* _What is expected_
Print the whole listing again exactly, keeping no pictures in it.

* _Data shown_
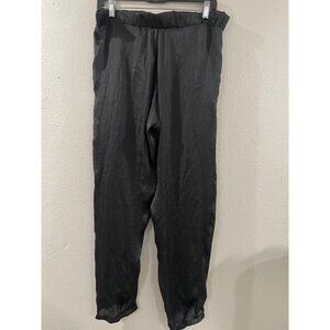 Women's Black Baggy Pants. These pants appear to be made of a satin-like material and have an elastic waistband and cuffs, resembling the style of joggers.
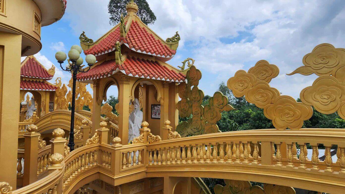 Chùa có hai hành lang nối lên cao,tạo thành “cầu vượt” uốn lượn xung quanh rất độc đáo. Ảnh: T.T
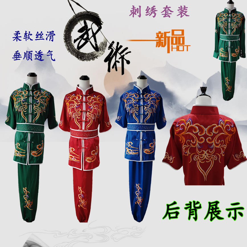 儿童武术服真丝绸刺绣龙练功表演服演出比赛长拳南拳成人舞龙彩服
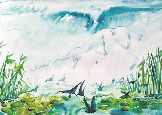 Hans Jürgen Wormeck ist ein vielseitiger Künstler. „Flugtiere auf der Liebe, Prabuty“ von 2005 ist eine in Polen entstandene Aquarellmalerei. Dem Künstler zufolge ging es darum, die Stimmung eines nebelverhangenen Tages einzufangen. Bild: Wormeck
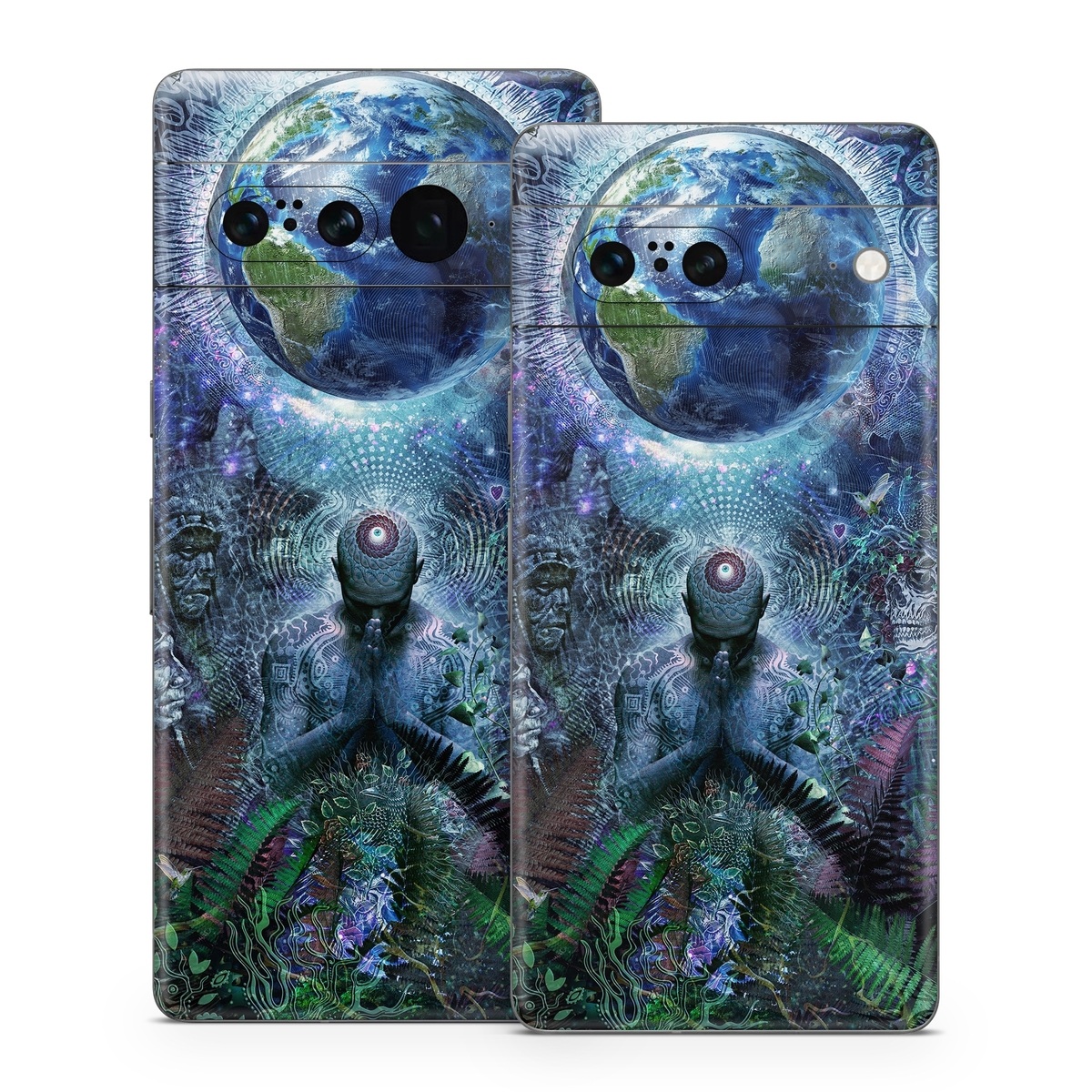 iStyles Google Pixel 7 Series Skin design of Psychedelic art, Fractal art, Art, Space, Organism, Earth, Sphere, Graphic design, Circle, Graphics, with blue, green, gray, purple, pink, black, white colors, and tagged with people, fantasy, space, signs, dmt, fantasy, gratitude, indian, jungle, love, lsd, nativeamerican, nature, peace, plants, ritual, scifi, skulls, space, spirits, spiritual, symbols, trippy, world, worldpeace.
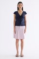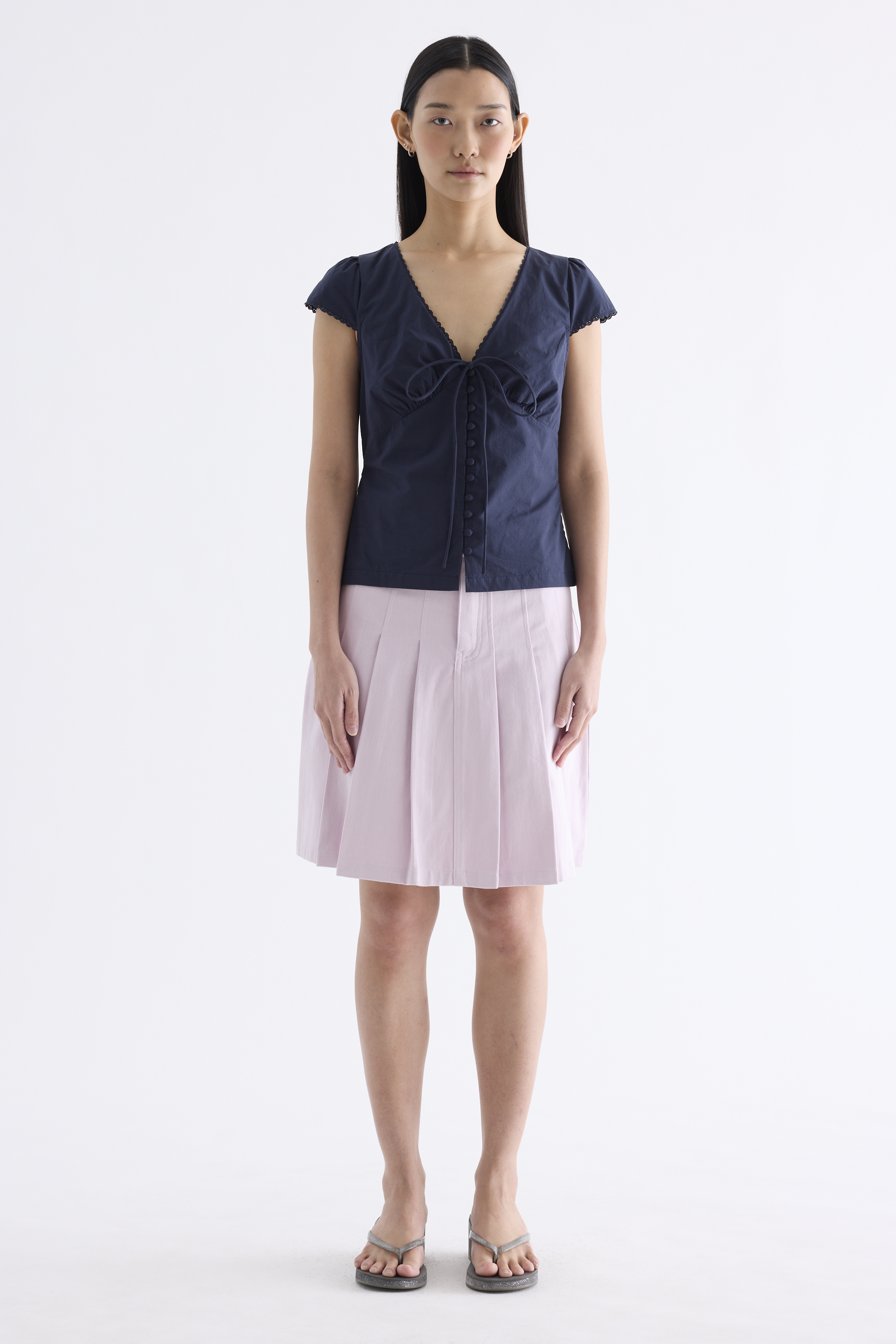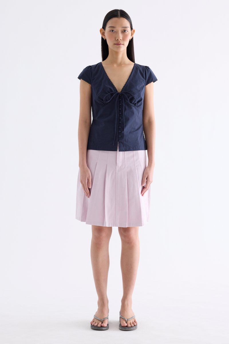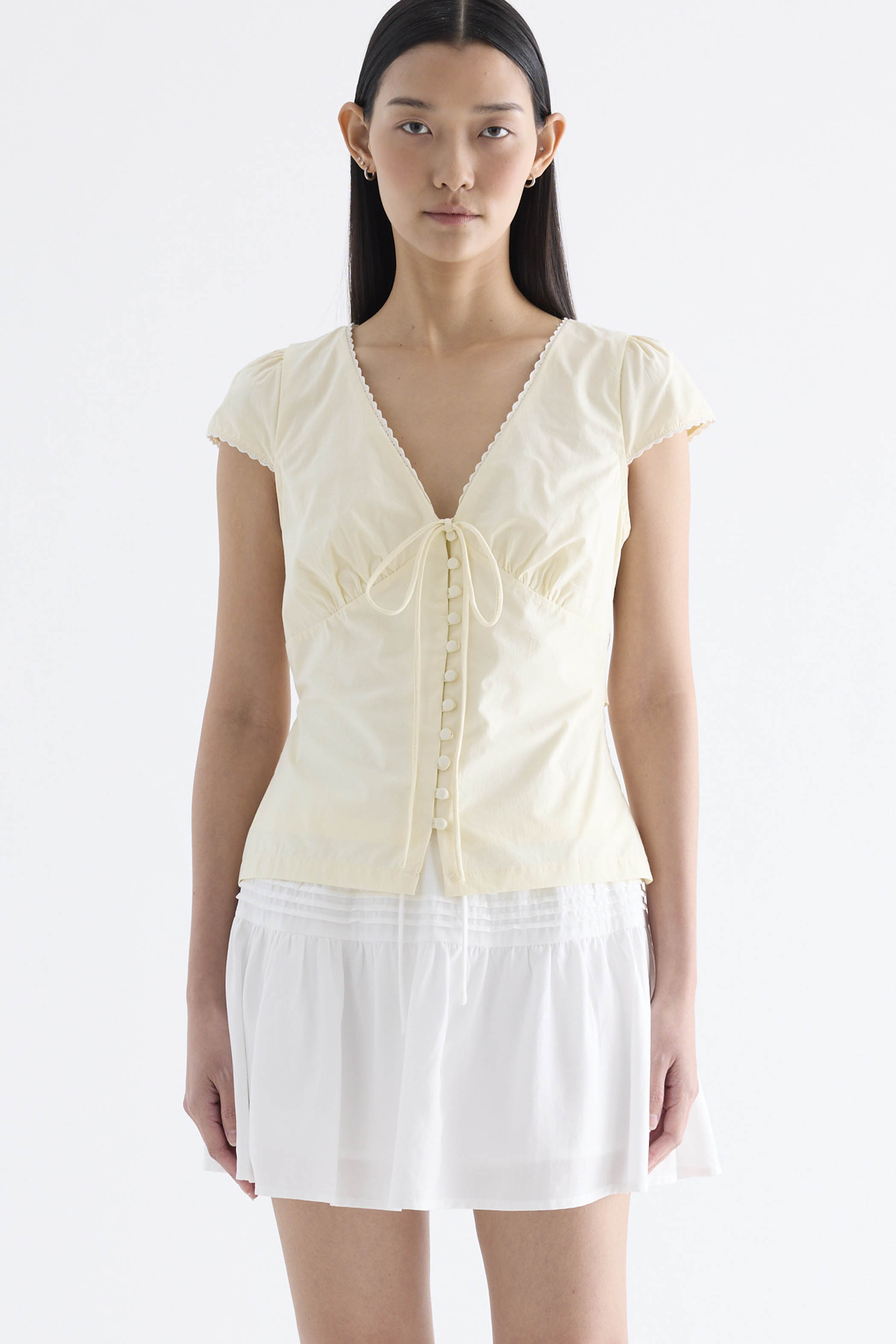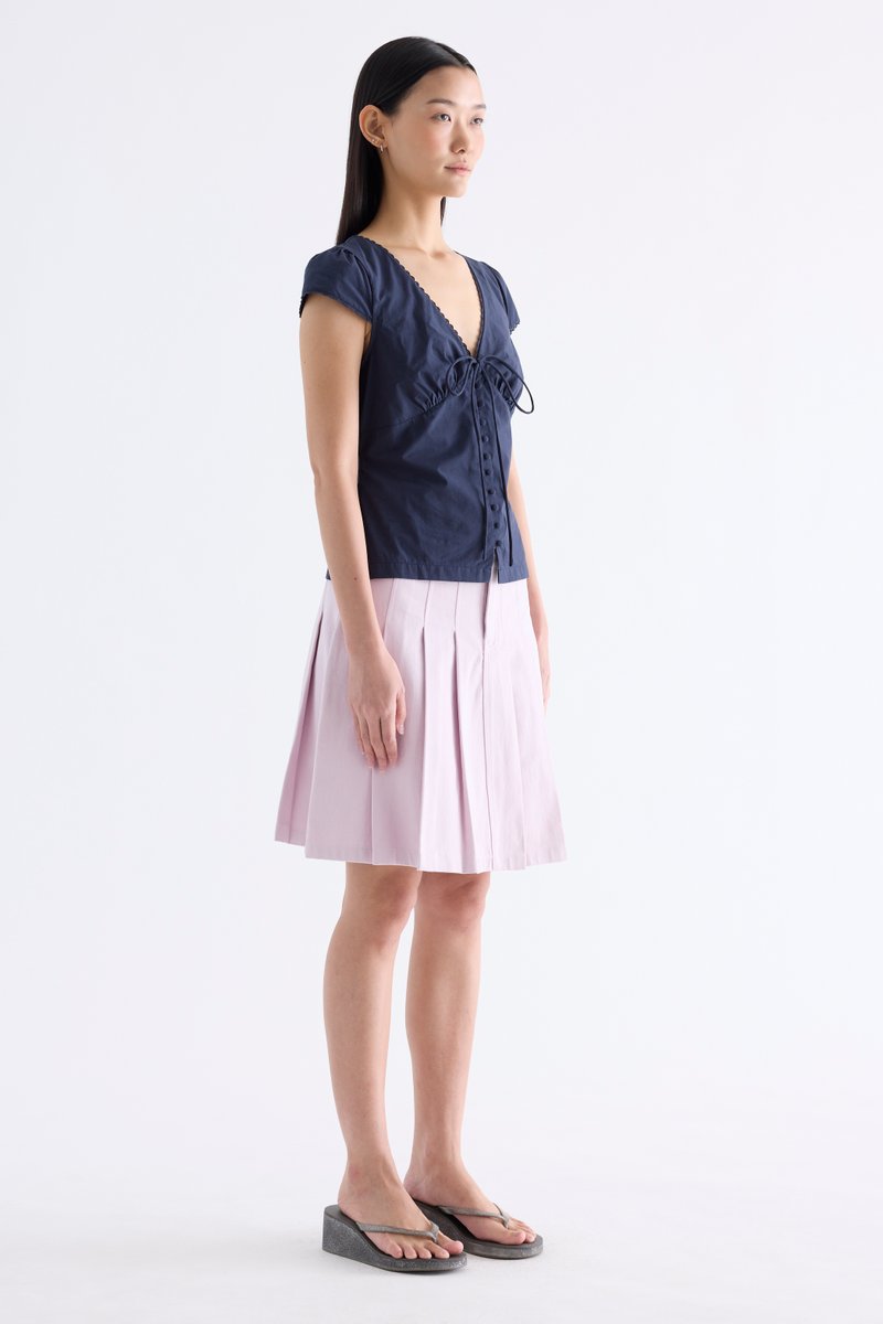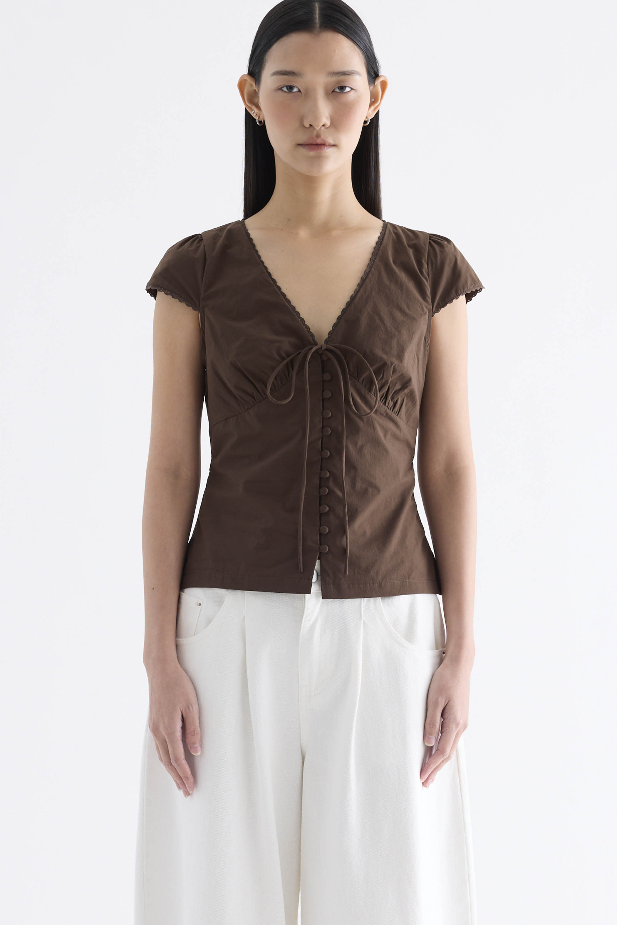 Details that count. Made from crisp and softly structured cotton, this lace-trimmed blouse features a V-shaped bustier neckline with a tie-strap, cap sleeves, front loop buttons and a back tie-strap. Worn in a slim fit with a side zip closure.

* _Exercise response_
 Women's Black Baggy Pants. These pants appear to be made of a satin-like material and have an elastic waistband and cuffs, resembling the style of joggers.
 Chùa có hai hành lang nối lên cao,tạo thành “cầu vượt” uốn lượn xung quanh rất độc đáo. Ảnh: T.T
 儿童武术服真丝绸刺绣龙练功表演服演出比赛长拳南拳成人舞龙彩服
 Hans Jürgen Wormeck ist ein vielseitiger Künstler. „Flugtiere auf der Liebe, Prabuty“ von 2005 ist eine in Polen entstandene Aquarellmalerei. Dem Künstler zufolge ging es darum, die Stimmung eines nebelverhangenen Tages einzufangen. Bild: Wormeck
 iStyles Google Pixel 7 Series Skin design of Psychedelic art, Fractal art, Art, Space, Organism, Earth, Sphere, Graphic design, Circle, Graphics, with blue, green, gray, purple, pink, black, white colors, and tagged with people, fantasy, space, signs, dmt, fantasy, gratitude, indian, jungle, love, lsd, nativeamerican, nature, peace, plants, ritual, scifi, skulls, space, spirits, spiritual, symbols, trippy, world, worldpeace.
 Details that count. Made from crisp and softly structured cotton, this lace-trimmed blouse features a V-shaped bustier neckline with a tie-strap, cap sleeves, front loop buttons and a back tie-strap. Worn in a slim fit with a side zip closure.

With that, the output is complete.